14th February, 2010
Question
My husband and I have been married for 17 years and have two boys and a girl. I work full-time in a job that pays really well and at which I am very good. He is home full-time, which definitely makes it much easier for me to do my job, and I appreciate him being there to do the drop-offs and pick-ups and homework, and all that invisible work that I know is so demanding, and sometimes difficult. My husband was self-employed earlier in our marriage, but it proved to be a dead-end. Given the pressures of my job, we both agreed that he would be the stay-at-home parent. I really appreciate what he has done to support my work over the years.
That said, I feel he's quite half-hearted about his role as full-time father. Perhaps he never saw himself as a stay-at-home parent, perhaps it did happen more by default than by design, but it adds huge stress to my life. For example, he sometimes doesn't cook dinner in the evenings, so that when I get home I never know if the shopping has been done, or if there'll be a meal on the table, for any of us. My daughter's having difficulties in school, which the teachers say is due to her regular failure to do homework. And my husband allows the kids to eat a lot of rubbish, despite the fact that the two boys and putting on weight. I often come home and he's watching TV while the kids are just hanging out, unsupervised. When I raise any of these issues with my husband, he accuses me of being bossy and unfair.

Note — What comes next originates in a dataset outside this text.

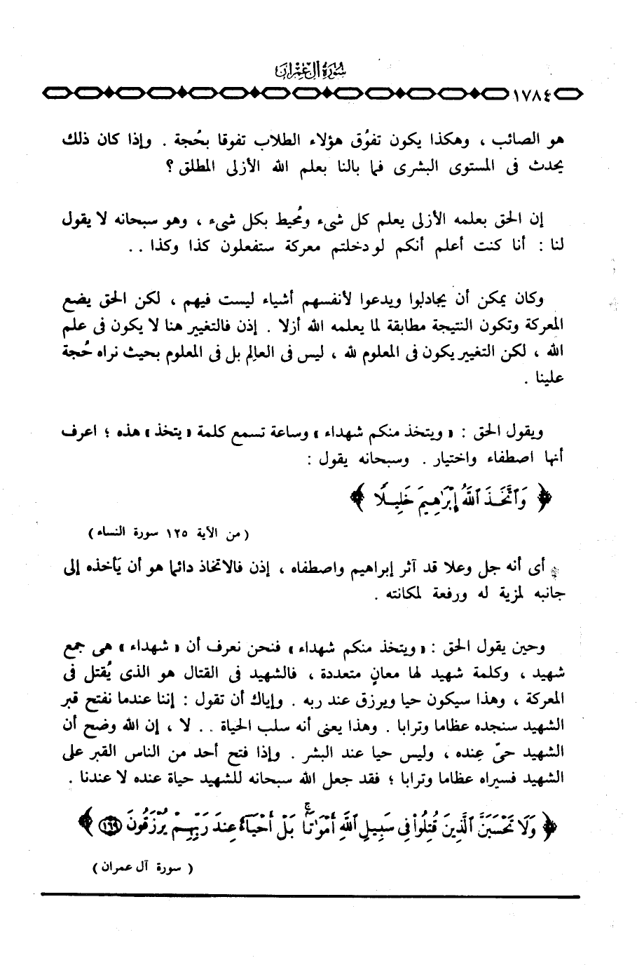 هو الصائب، وهكذا يكون تفُوق هؤلاء الطلاب تفوقا بحُجة. وإذا كان ذلك يحدث في المستوى البشري فما بالنا بعلم الله الأزلي المطلق؟

I guess the thing is that, despite my very busy job, I have to pick up a lot of the family-related slack. Of course I want to be there for my children, but it's always me who buys the birthday presents, checks that they're OK when something comes up to make them unhappy. I'm the one who meets the teachers, does the laundry, reads the bedtime stories, shops for nutritious meals, makes sure hair and teeth are brushed. I feel I'm being exploited.
Maybe my husband is right and I am being unfair. But I want a happy home life for my kids and there are things that I think they are missing because my husband doesn't play the role that I guess I think I would play if I could be with them. I don't have a choice. I have to work. We have a big mortgage and lots of expenses and can't even save much, despite my large salary. Switching to part-time work would probably help, but it's not an option.
I often feel trapped and angry, and wish so much that I could make things better for me and my children. But I'm doing as much as I can and I feel my husband could do more. Maybe he feels trapped too. I recognise that. But I also envy him his life-style. He often goes away for weekends with his friends. He has his mornings to himself for his wide range of hobbies. And he doesn't feel the anxiety and stress of professional life like I do. The situation is becoming increasingly unhappy and I don't know how to change things.
Answer
Psychology is sometimes a terrible thing, distracting us from practical solutions. Maybe your husband is half-hearted about landing the job of home-maker. Maybe he did slide into it because of a failed career. My guess is that that's what happens in most cases. And maybe he does feel somewhat resentful and trapped. I don't think many men grow up with the dream of keeping house. It's also decidedly beside the point.
Why have you no hired help? With three children and one partner working long arduous hours, why on earth isn't someone in doing basic housework and the laundry? Why this conservative 'do it yourself' approach to domesticity? Why not pay someone decent money to make your lives easier? And don't say you can't afford it. It's a question of prioritising real quality of life.
With that sorted, you need to sit down and agree a serious division of labour. My guess is that you and your husband never worked out what his part of the bargain actually entails - too much sensitivity around the issue of kept men and working women and all that ego stuff. So you smoulder with anger instead. Not good. With basic housework and laundry sorted, it would seem self-evident that a home-maker has dinner on the table. That doesn't mean always cooking. It does mean taking responsibility for the weekly Chinese take-away, or for booking a table at the local pizzeria. And why wouldn't he do the shopping on his way to the golf course?
You also have to talk about standards, since you clearly differ. This can be tricky, so tread carefully. If the children eat nutritious meals most days, the odd bit of rubbish shouldn't send you into the stratosphere in rage. It won't, either, if you feel the basics are in place, and you're not full of resentment. The same applies to children's homework. It could be nice for you to supervise your daughter, since you're now free of the laundry and shopping. You get the picture.
Finally, take responsibility for your own pleasures in life. So your husband goes away with his friends some weekends. Fine. Why don't you do the same, if that is what you want? I won't go on here. You know the score. If you're the breadwinner, you can't resent it. Just as we won't allow your husband resent his home-making role. The task is to make it work, for everybody. Get cracking.